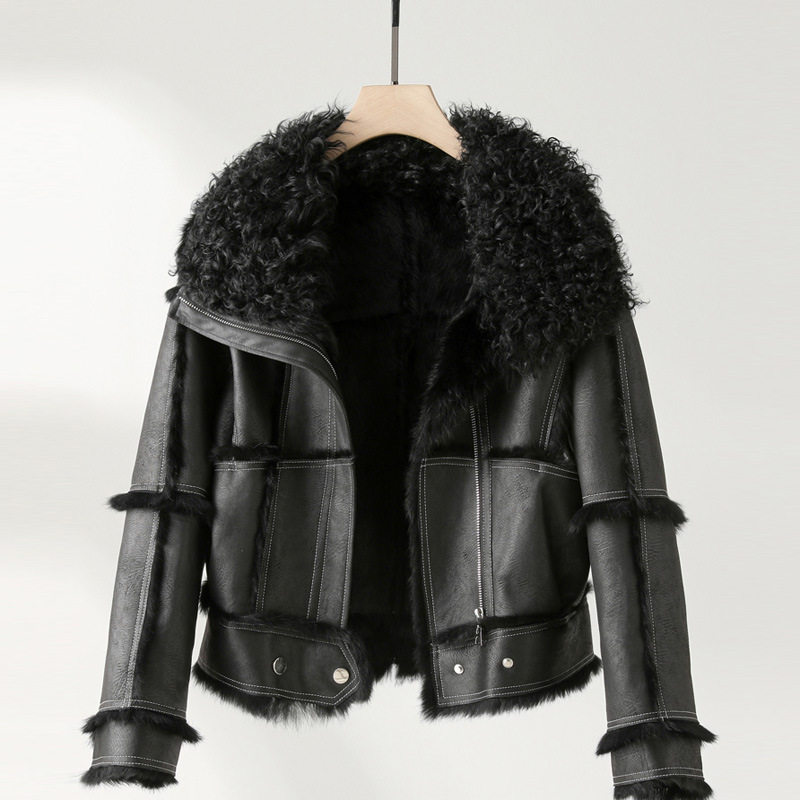 2024秋冬新品皮毛一体女年轻款羊羔毛兔毛皮草外套短款显瘦机车款
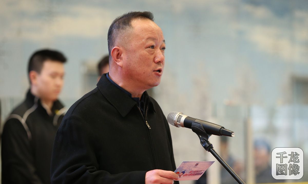 3月25日,海淀区第三届中小学冰球联赛开幕式在华润五彩冰酷运动中心举行,比赛将历时一个多月,600余名中小学参与角逐。图为海淀区体育局副局长白雪罡宣布比赛开始。千龙网记者 戚连民摄
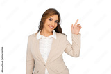 Young businesswoman pointing to featured product
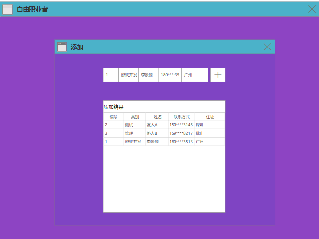 添加界面下将记录信息按照查询结果显示的字段排序依次输入相应的值,以此添加记录
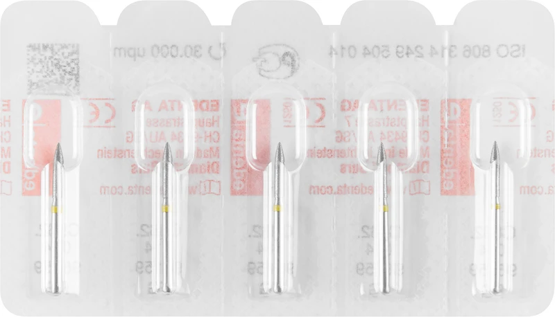 | Variant | Pakke 5 diamanter gul superfin, FG, figur 249 flamme, hodelengde: 8 mm, ISO 014 |
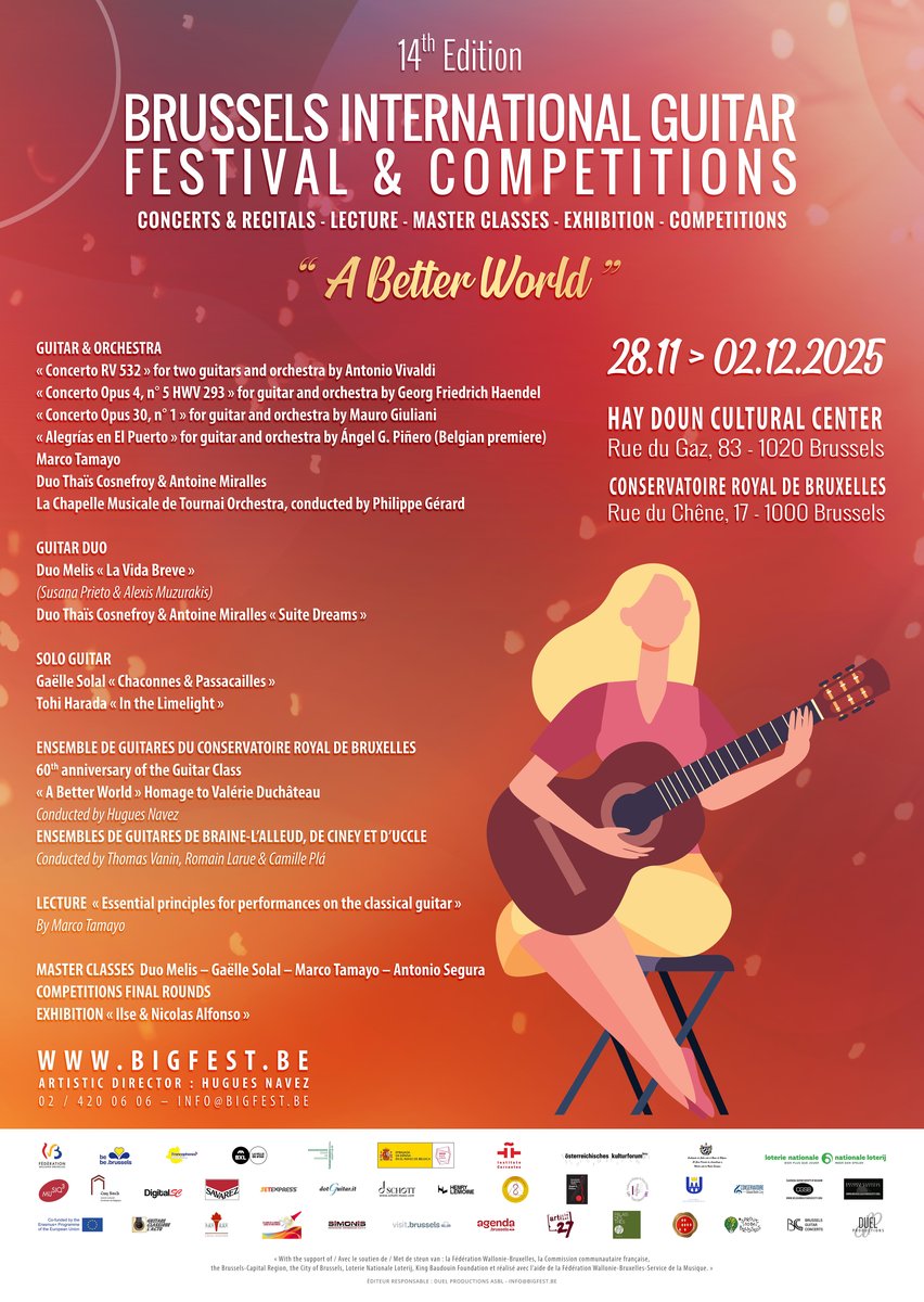 Dédiée à « Un Monde meilleur », voici la 14e édition du Brussels International Guitar Festival & Competitions, l’événement incontournable et très attendu dans la capitale de l'Europe par les mélomanes et les aficionados de la guitare.
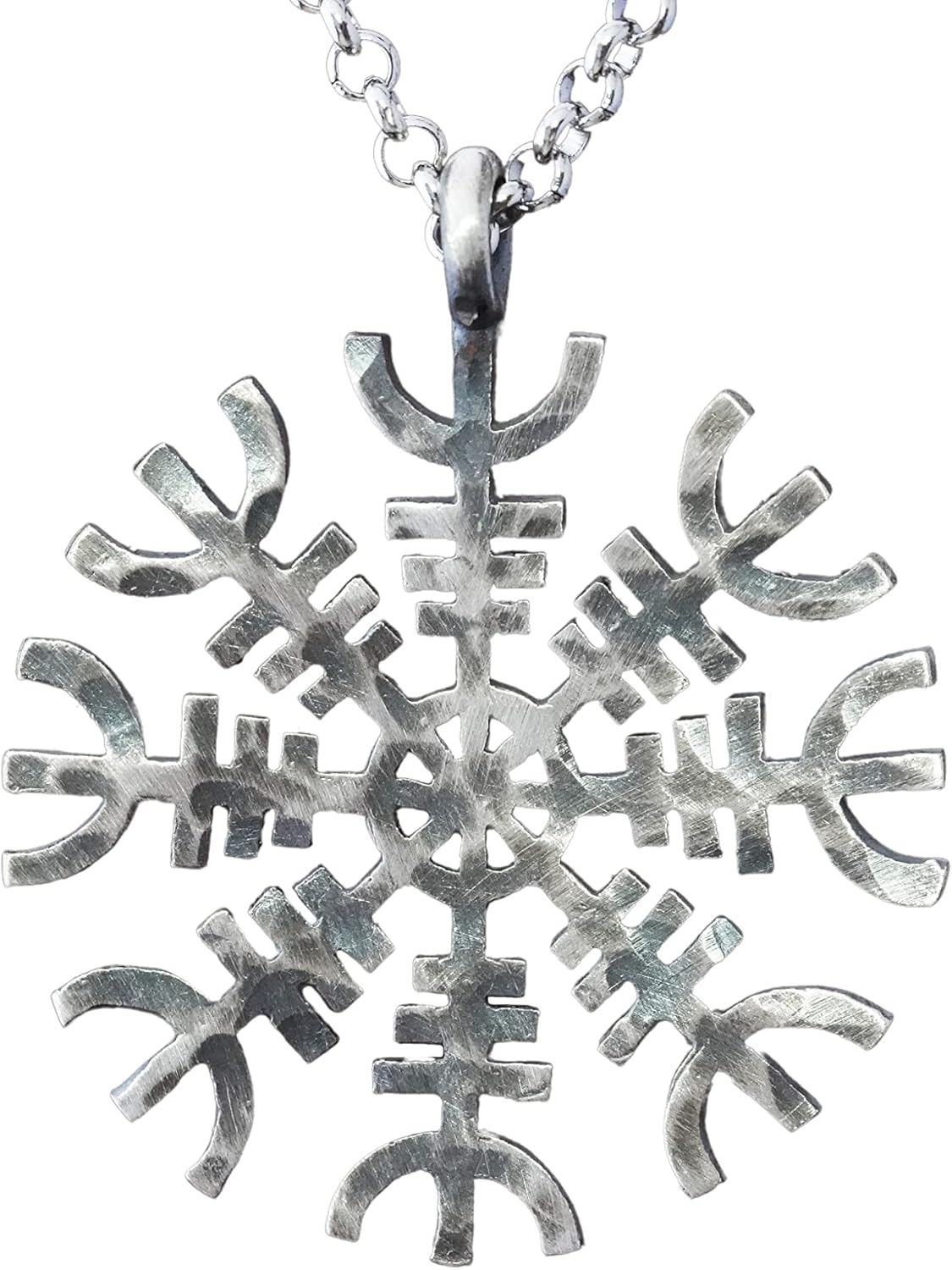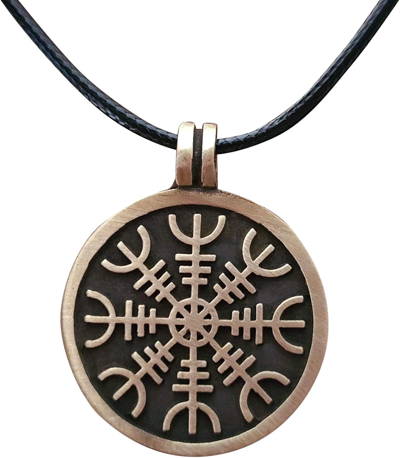 Aegishjalmur is an ancient protective talisman of the Norse ---but the true nature of its magic has many interpretations. In icelandic sagas it can be found to confer power and dominance in conflict. Aegishalmur instill fear in one's enemies and to conquer fear in one's own mind. Aegishjalmur contains two numerical patterns, 3 and 8, that were sacred to the Northern tradition. And multiples like 24, the number of runes in the elder futhark, or runic alphabet. But its most prominent feature is the rune Elhaz. Elhaz can be used by itself for protection of a person, place or thing. It can create a sacred space or scatter negative energy, people or groups. Elhaz protects, links us to guardianship, a sovereign right to exist, for our time here. The rune is shaped like someone with outstretched hands to the heavens. In the Aegishjalmur, Elhaz is also contained 8 times not only at the ends of each spoke, but 8 times hidden in the spokes themselves. Comes with bronze color metal chain.
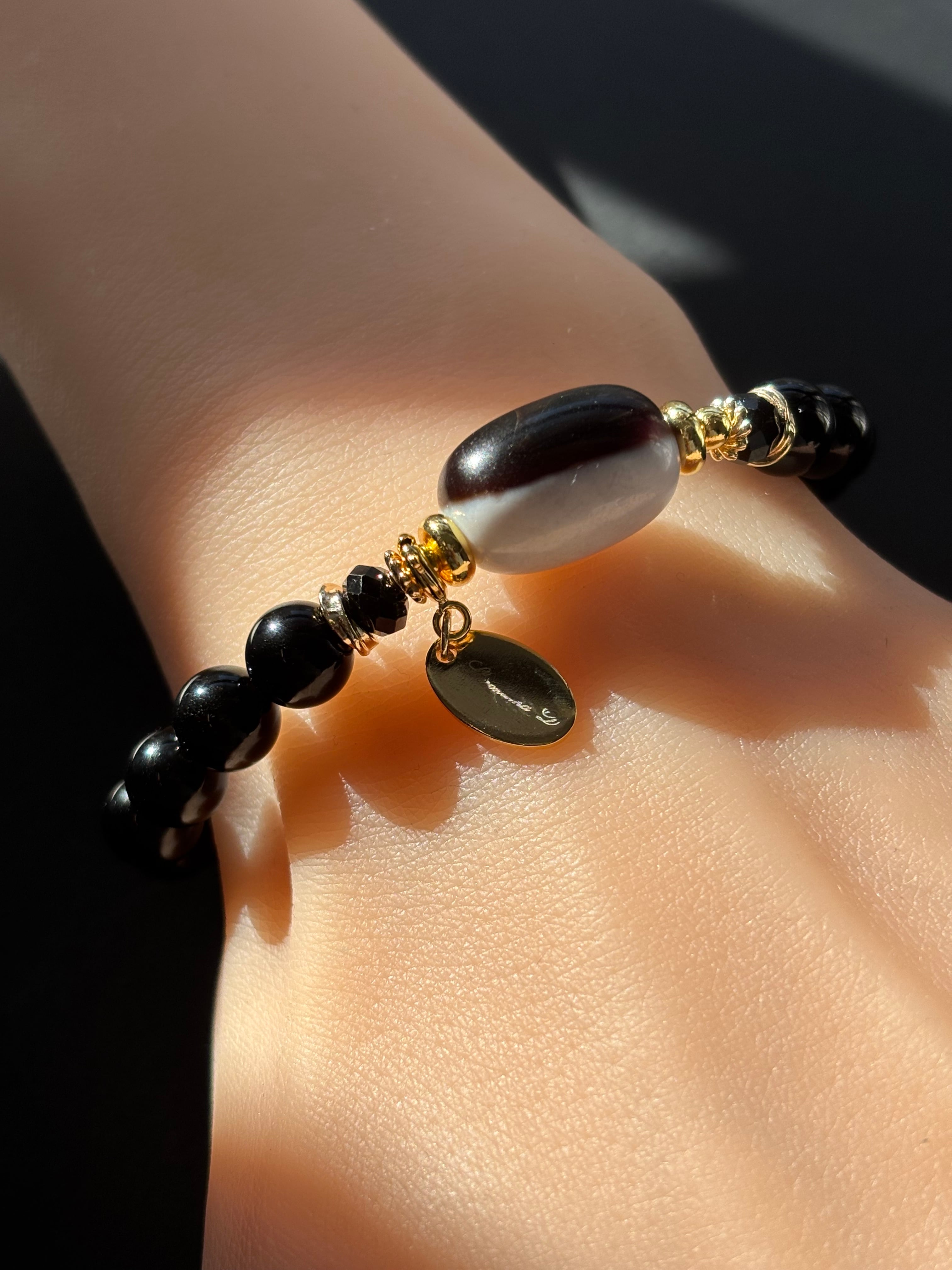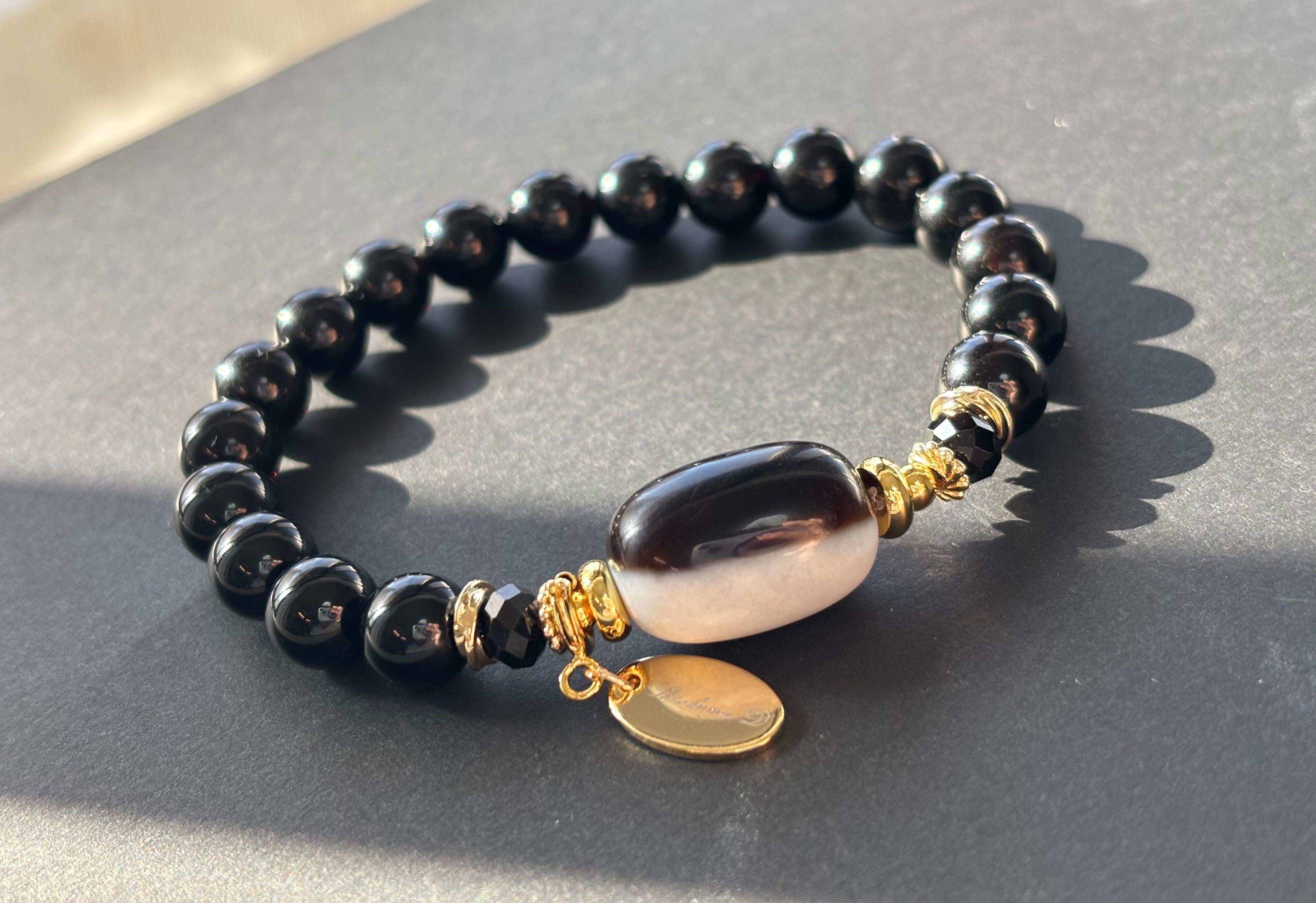 珍しい縦型の黒白天珠をトップにブレスレット部分は高品質モリオンとポイントにブラックスピネルを入れ組みました。
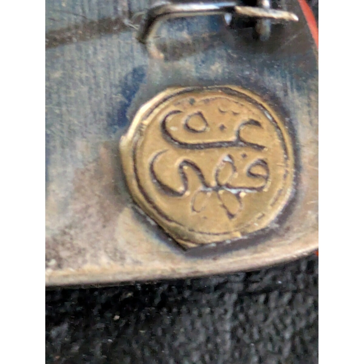 VintageAzz Fahmy Houses Of Nile Sterling Silber Türkis gyptische Nubische Pin Brosche. Dieses einzigartige Stück besteht aus einem grob geschliffenen türkisfarbenen Stein als Baum- oder Dachelement sowie einem leuchtend roten Korallenzweig. Der silberfarbene Korper weist aufwendige Filigranarbeit an der Kuppel und den ausgeschnittenen windows auf, wahrend die Rückseite zwei deutliche goldfarbene kalligraphische Stempel aufweist. Ein wunderschones Beispiel für handgefertigten Ethno-Schmuck mit sicherer Nadelrückseite.

::::::::

▸ The task
Write out the records above exactly. Begin with the first line, end with the line holding "de la guitare.", and drop the pictures.

▸ Exercise response
 2024秋冬新品皮毛一体女年轻款羊羔毛兔毛皮草外套短款显瘦机车款
 3月25日,海淀区第三届中小学冰球联赛开幕式在华润五彩冰酷运动中心举行,比赛将历时一个多月,600余名中小学参与角逐。图为海淀区体育局副局长白雪罡宣布比赛开始。千龙网记者 戚连民摄
 Young businesswoman pointing to featured product
 添加界面下将记录信息按照查询结果显示的字段排序依次输入相应的值,以此添加记录
 | Variant | Pakke 5 diamanter gul superfin, FG, figur 249 flamme, hodelengde: 8 mm, ISO 014 |
 Dédiée à « Un Monde meilleur », voici la 14e édition du Brussels International Guitar Festival & Competitions, l’événement incontournable et très attendu dans la capitale de l'Europe par les mélomanes et les aficionados de la guitare.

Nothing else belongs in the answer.